RECORD SET –
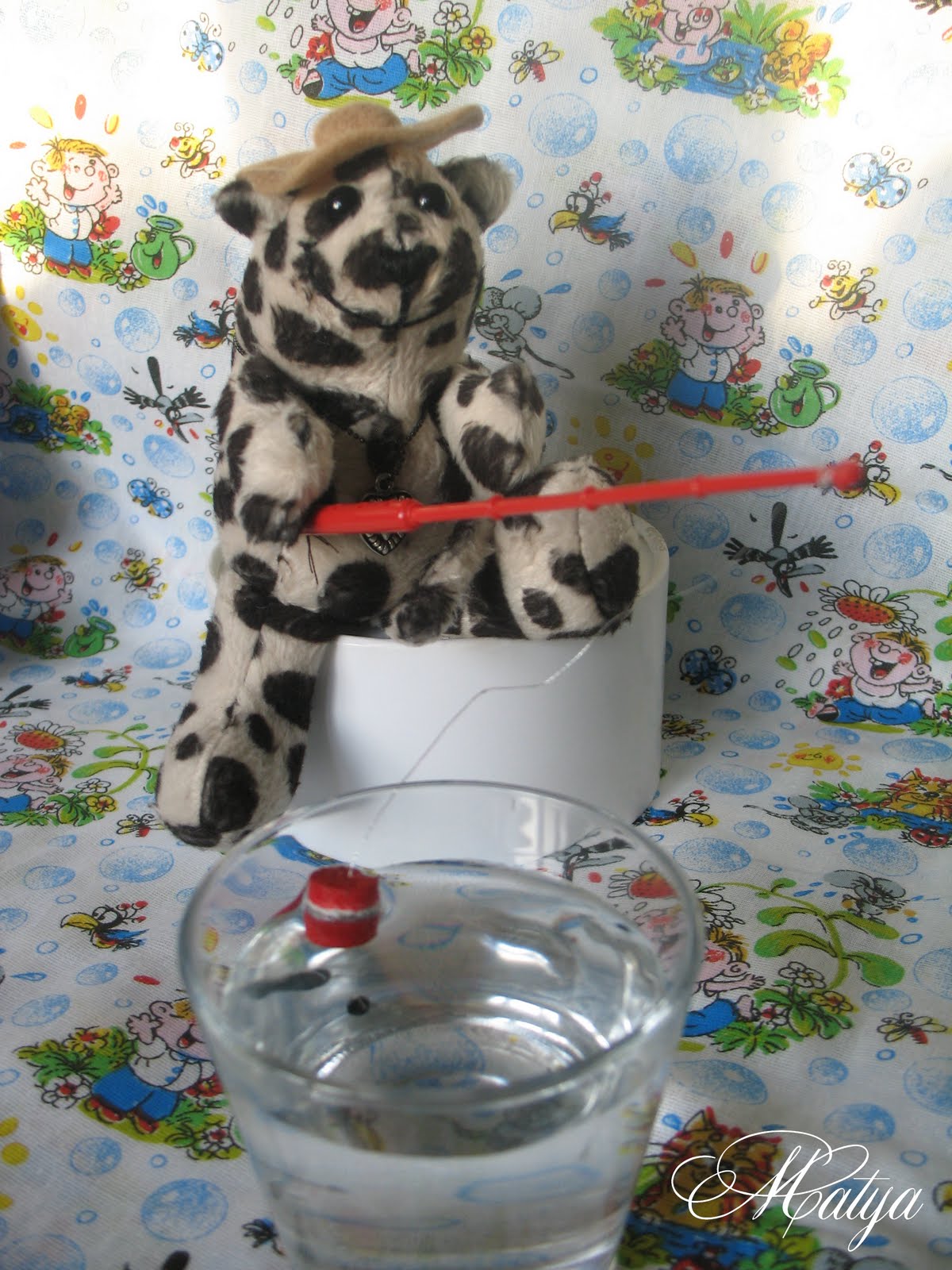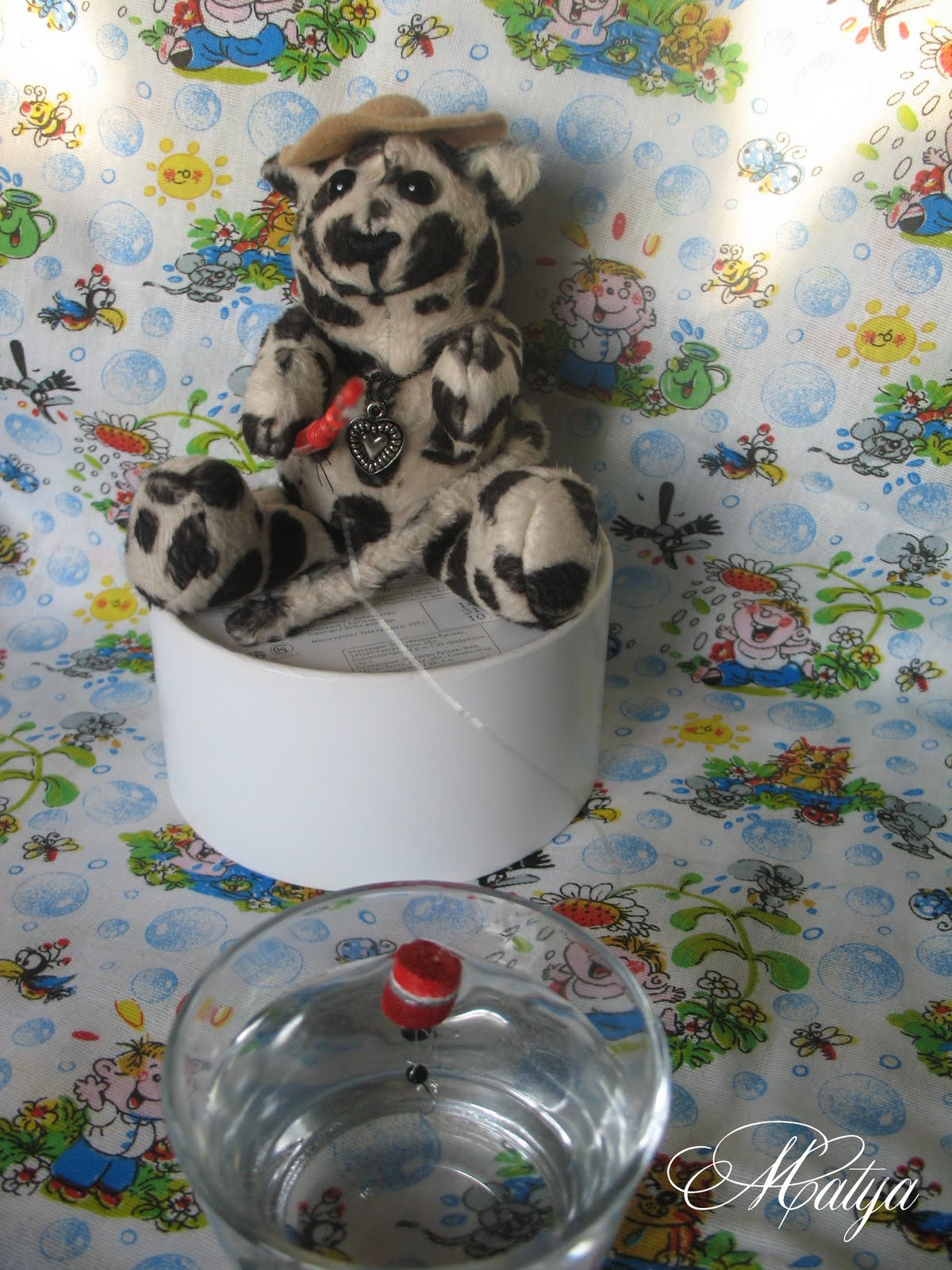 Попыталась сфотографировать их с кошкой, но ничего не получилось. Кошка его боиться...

--

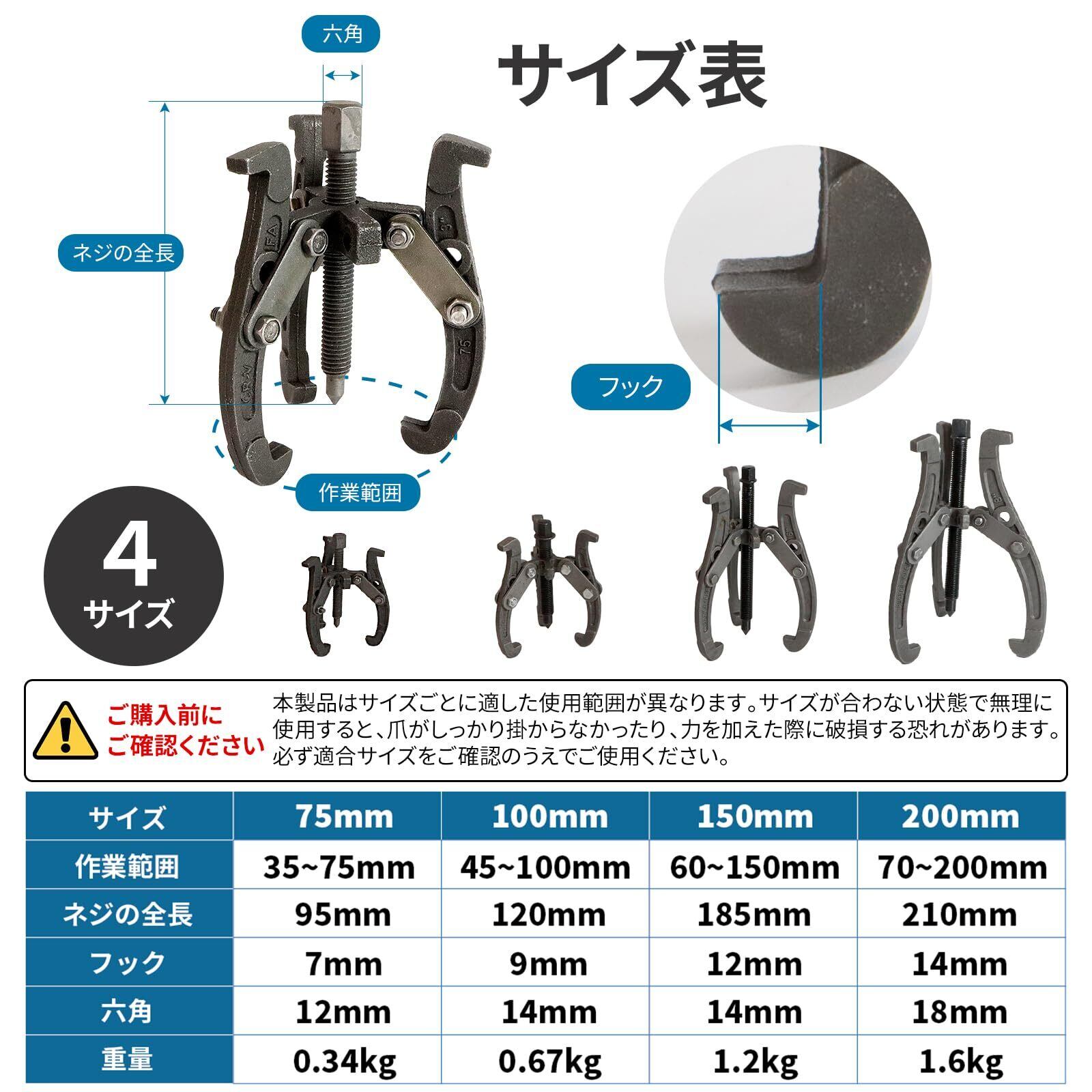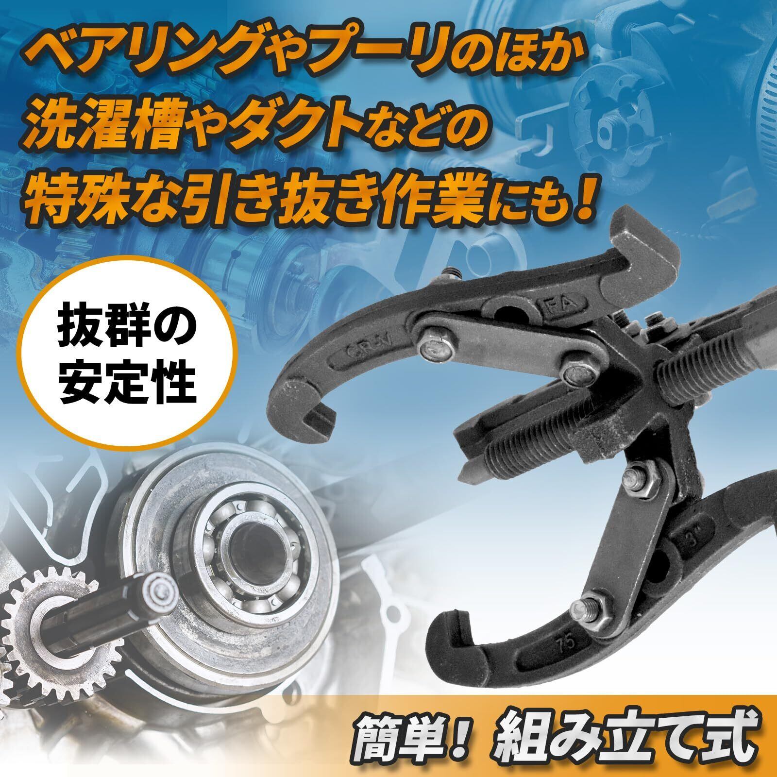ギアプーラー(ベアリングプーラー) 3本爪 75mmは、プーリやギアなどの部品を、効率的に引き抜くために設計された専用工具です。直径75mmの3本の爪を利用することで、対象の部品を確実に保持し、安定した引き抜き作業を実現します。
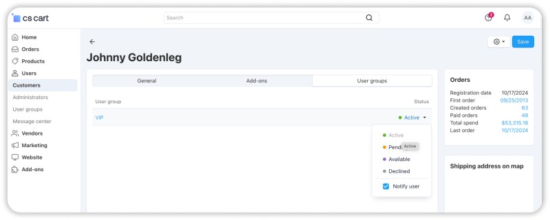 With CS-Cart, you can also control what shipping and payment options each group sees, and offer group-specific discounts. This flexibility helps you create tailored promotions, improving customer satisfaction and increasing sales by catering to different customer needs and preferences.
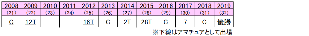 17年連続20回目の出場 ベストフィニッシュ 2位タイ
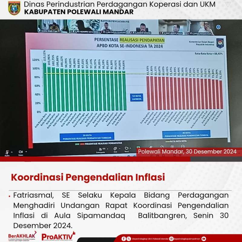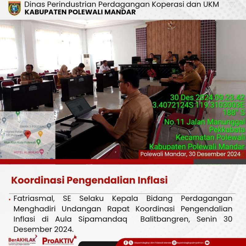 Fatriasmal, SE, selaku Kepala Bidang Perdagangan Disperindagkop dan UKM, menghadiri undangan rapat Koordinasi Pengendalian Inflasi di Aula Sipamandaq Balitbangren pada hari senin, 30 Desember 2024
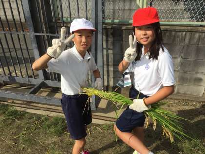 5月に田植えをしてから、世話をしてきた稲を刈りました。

REQUIRED ACTION –
When you reach the line with "Fatriasmal, SE, selaku" in the records above, begin repeating the lines exactly, and stop after the line with "5月に田植えをしてから、世話をしてきた稲を刈りました。". Skip all pictures.

SOLUTION –
 Fatriasmal, SE, selaku Kepala Bidang Perdagangan Disperindagkop dan UKM, menghadiri undangan rapat Koordinasi Pengendalian Inflasi di Aula Sipamandaq Balitbangren pada hari senin, 30 Desember 2024
 5月に田植えをしてから、世話をしてきた稲を刈りました。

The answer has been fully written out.